What you will do: Transcribe each entry exactly; skip the images.

Dataset records:
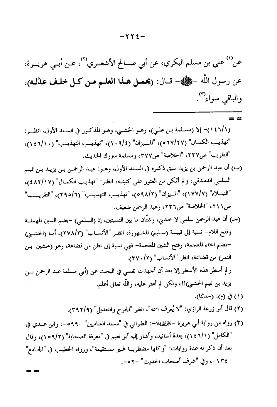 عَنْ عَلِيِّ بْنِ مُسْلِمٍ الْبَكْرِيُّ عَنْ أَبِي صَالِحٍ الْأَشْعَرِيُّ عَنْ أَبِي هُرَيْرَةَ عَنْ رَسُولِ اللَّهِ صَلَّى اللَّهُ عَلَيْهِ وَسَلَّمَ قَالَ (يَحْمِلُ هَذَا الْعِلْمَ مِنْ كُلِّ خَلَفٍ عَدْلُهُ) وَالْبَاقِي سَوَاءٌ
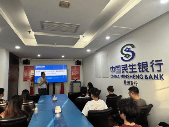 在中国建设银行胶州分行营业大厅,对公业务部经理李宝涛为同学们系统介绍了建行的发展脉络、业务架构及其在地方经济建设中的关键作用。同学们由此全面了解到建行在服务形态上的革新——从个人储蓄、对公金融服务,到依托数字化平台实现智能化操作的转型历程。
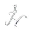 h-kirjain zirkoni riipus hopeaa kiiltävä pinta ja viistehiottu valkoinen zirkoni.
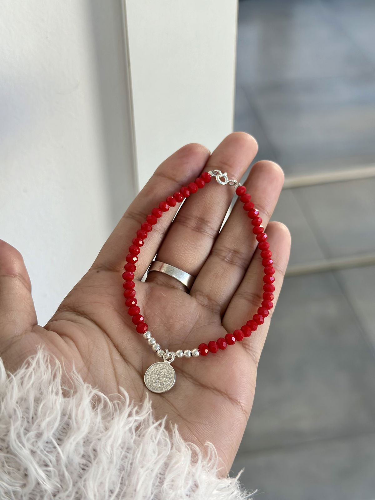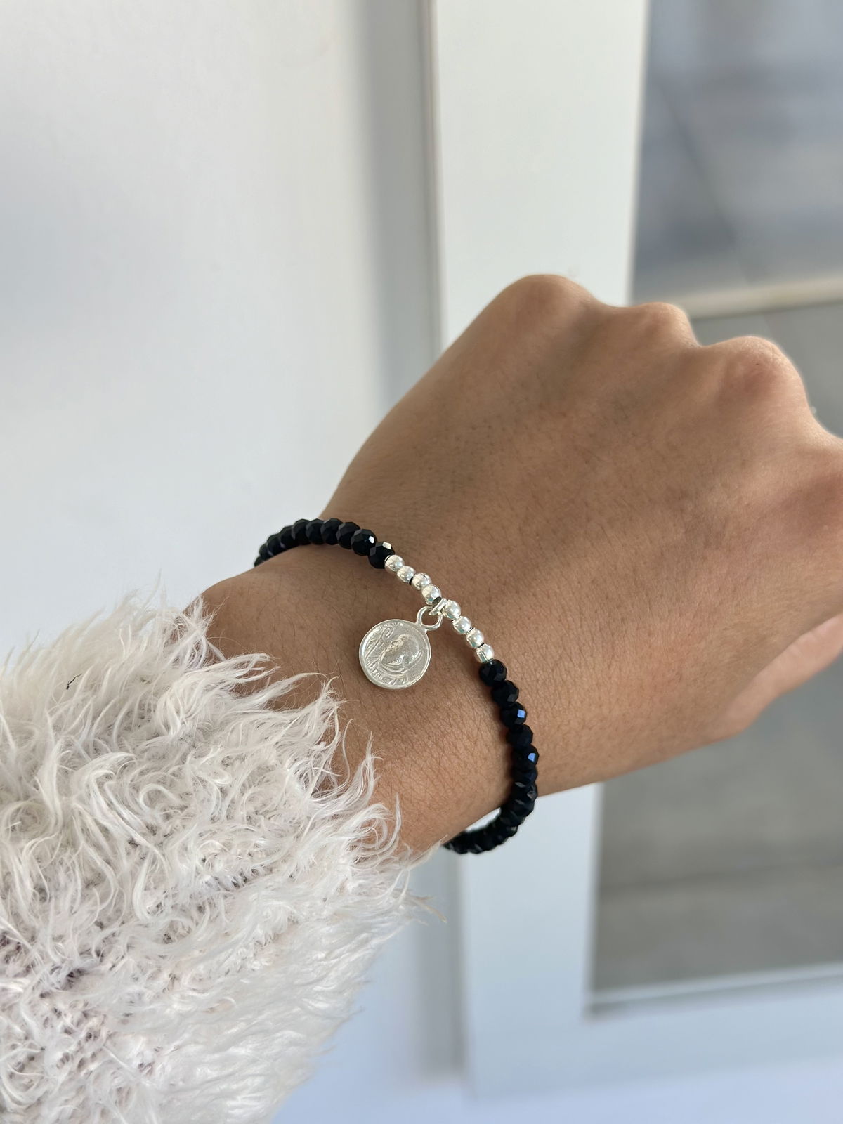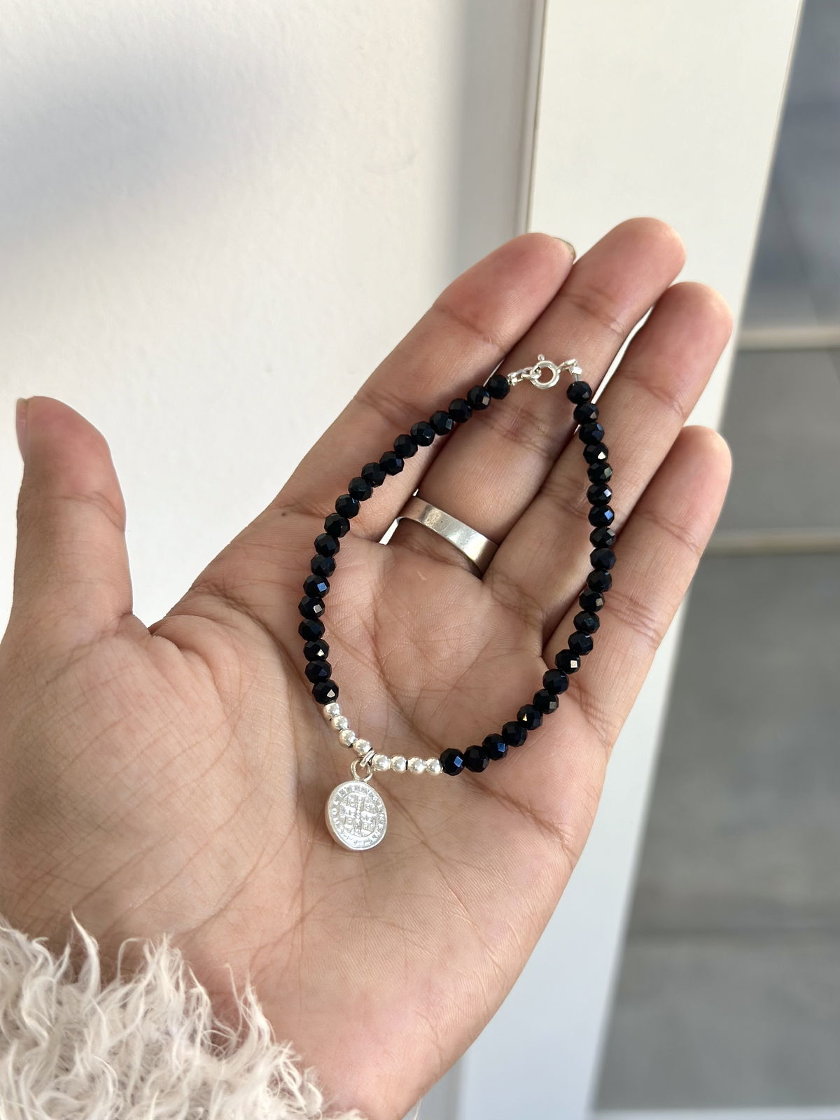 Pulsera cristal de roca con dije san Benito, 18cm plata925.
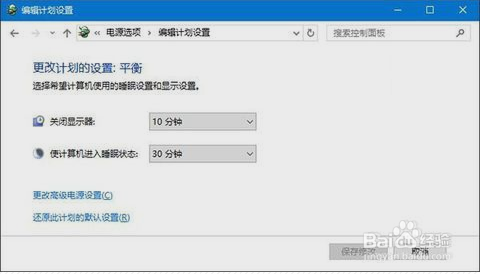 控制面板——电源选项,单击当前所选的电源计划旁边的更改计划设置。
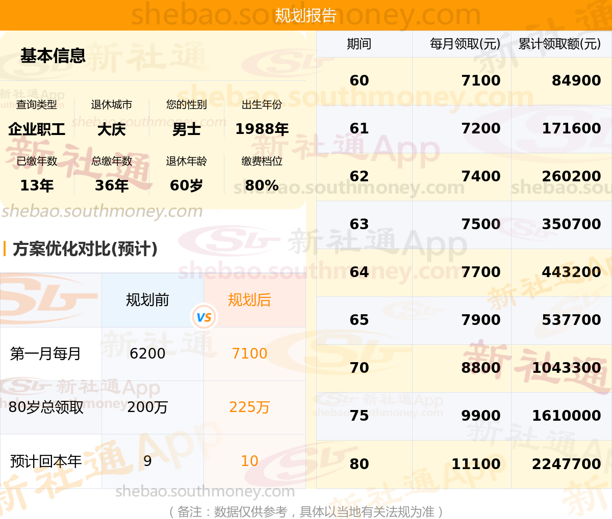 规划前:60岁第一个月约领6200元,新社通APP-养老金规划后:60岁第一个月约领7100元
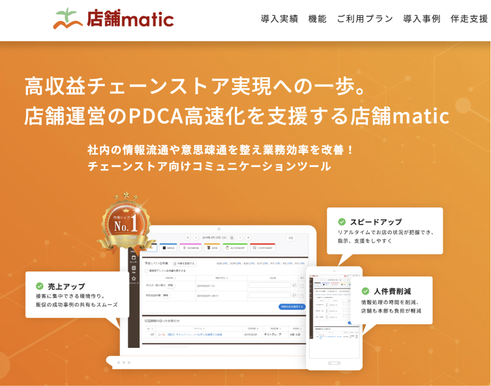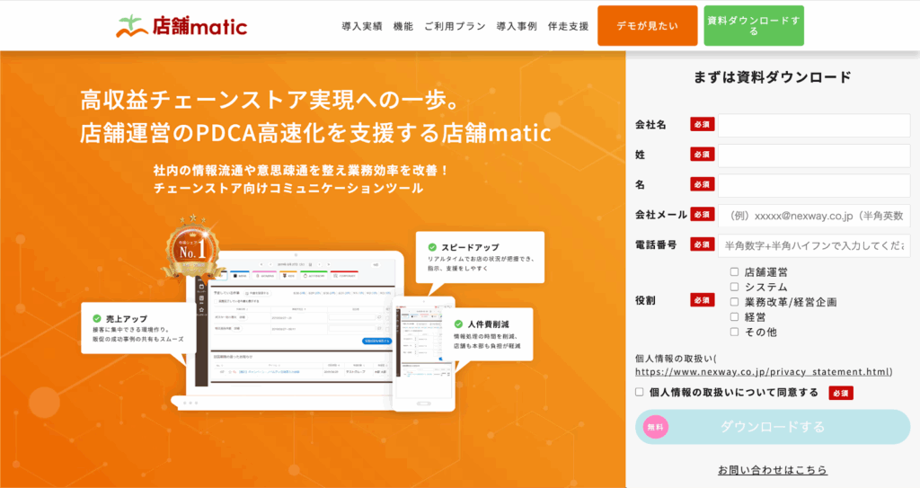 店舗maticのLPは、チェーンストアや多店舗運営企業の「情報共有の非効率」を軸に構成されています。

Task answer:
 عَنْ عَلِيِّ بْنِ مُسْلِمٍ الْبَكْرِيُّ عَنْ أَبِي صَالِحٍ الْأَشْعَرِيُّ عَنْ أَبِي هُرَيْرَةَ عَنْ رَسُولِ اللَّهِ صَلَّى اللَّهُ عَلَيْهِ وَسَلَّمَ قَالَ (يَحْمِلُ هَذَا الْعِلْمَ مِنْ كُلِّ خَلَفٍ عَدْلُهُ) وَالْبَاقِي سَوَاءٌ
 在中国建设银行胶州分行营业大厅,对公业务部经理李宝涛为同学们系统介绍了建行的发展脉络、业务架构及其在地方经济建设中的关键作用。同学们由此全面了解到建行在服务形态上的革新——从个人储蓄、对公金融服务,到依托数字化平台实现智能化操作的转型历程。
 h-kirjain zirkoni riipus hopeaa kiiltävä pinta ja viistehiottu valkoinen zirkoni.
 Pulsera cristal de roca con dije san Benito, 18cm plata925.
 控制面板——电源选项,单击当前所选的电源计划旁边的更改计划设置。
 规划前:60岁第一个月约领6200元,新社通APP-养老金规划后:60岁第一个月约领7100元
 店舗maticのLPは、チェーンストアや多店舗運営企業の「情報共有の非効率」を軸に構成されています。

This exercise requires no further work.